Unnamed: 0,species,region
0,Adelie,Anvers
1,King,Tierra del Fuego
2,Emperor,Weddell sea
3,Chinstrap,Anvers
4,Gentoo,Anvers
5,Little Blue,Roaring Forties


The `concat` function can be compared to what `.append()` is for lists.

In [4]:
numbers =[1,5,8,9]
letters =["h", "a", "b"]

In [5]:
# append the list `letters` to the list 'numbers' 

numbers.append(letters)

In [6]:
numbers.extend(letters)

In [7]:
numbers

[1, 5, 8, 9, ['h', 'a', 'b'], 'h', 'a', 'b']

In [8]:
# using append on our two dataframes...

df1.append(df1) # doesn't work

AttributeError: 'DataFrame' object has no attribute 'append'

## 1. Concatenation

- concatenate pandas dataframes along a particular axis with optional set logic along the other axes
- axis = 0 is vertically and axis = 1 is horizontally
- can combine multiple dataframes
- there are several parameters that decide how the concatenation is done, most important are **axis**, **ignore_index** and **sort**
- main use when **axis=0** (or axis='rows') is when df1 and df2 have the **same columns**
- main use when **axis = 1** (or axis='columns') is when df1 and df2 have the **different columns** of the same observations

In [9]:
# concatenate df1 and df2


pd.concat([df1, df2])

Unnamed: 0,species,island,flipper_length_mm,body_mass_g,sex,region
0,Adelie,Torgersen,181.0,3750.0,male,
1,Adelie,Dream,178.0,3900.0,male,
2,Gentoo,Biscoe,211.0,4500.0,female,
3,Gentoo,Biscoe,230.0,5700.0,male,
4,Chinstrap,Dream,192.0,3500.0,female,
0,Adelie,,,,,Anvers
1,King,,,,,Tierra del Fuego
2,Emperor,,,,,Weddell sea
3,Chinstrap,,,,,Anvers
4,Gentoo,,,,,Anvers


In [10]:
# use the 'axis' parameter (axis=0 or axis='rows')

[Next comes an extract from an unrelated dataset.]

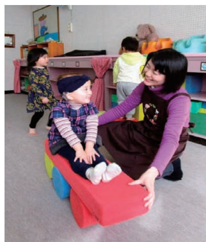
乳幼児部 2才児グループ

pd.concat([df1, df2], axis=1)

Unnamed: 0,species,island,flipper_length_mm,body_mass_g,sex,species.1,region
0,Adelie,Torgersen,181.0,3750.0,male,Adelie,Anvers
1,Adelie,Dream,178.0,3900.0,male,King,Tierra del Fuego
2,Gentoo,Biscoe,211.0,4500.0,female,Emperor,Weddell sea
3,Gentoo,Biscoe,230.0,5700.0,male,Chinstrap,Anvers
4,Chinstrap,Dream,192.0,3500.0,female,Gentoo,Anvers
5,,,,,,Little Blue,Roaring Forties


In [11]:
# try axis=1



#### Can I concatenate 3 dataframes?

In [12]:
penguin_sweet = {
    'species': ['Adelie', 'Gentoo', 'Chinstrap'], 
    'sweetness': ['sweet', 'sweeter', 'sweetest']
}

df3 = pd.DataFrame(penguin_sweet)
df3

Unnamed: 0,species,sweetness
0,Adelie,sweet
1,Gentoo,sweeter
2,Chinstrap,sweetest


In [13]:
# concatenate 3 dataframes

pd.concat([df1, df2, df3], axis=1)

Unnamed: 0,species,island,flipper_length_mm,body_mass_g,sex,species.1,region,species.2,sweetness
0,Adelie,Torgersen,181.0,3750.0,male,Adelie,Anvers,Adelie,sweet
1,Adelie,Dream,178.0,3900.0,male,King,Tierra del Fuego,Gentoo,sweeter
2,Gentoo,Biscoe,211.0,4500.0,female,Emperor,Weddell sea,Chinstrap,sweetest
3,Gentoo,Biscoe,230.0,5700.0,male,Chinstrap,Anvers,,
4,Chinstrap,Dream,192.0,3500.0,female,Gentoo,Anvers,,
5,,,,,,Little Blue,Roaring Forties,,


#### Adding Parameters

In [14]:
# concatenate df1 and df2 adding the 'ignore_index' and the 'sort' parameters

pd.concat([df1, df2, df3], axis=0, ignore_index=True).fillna('-')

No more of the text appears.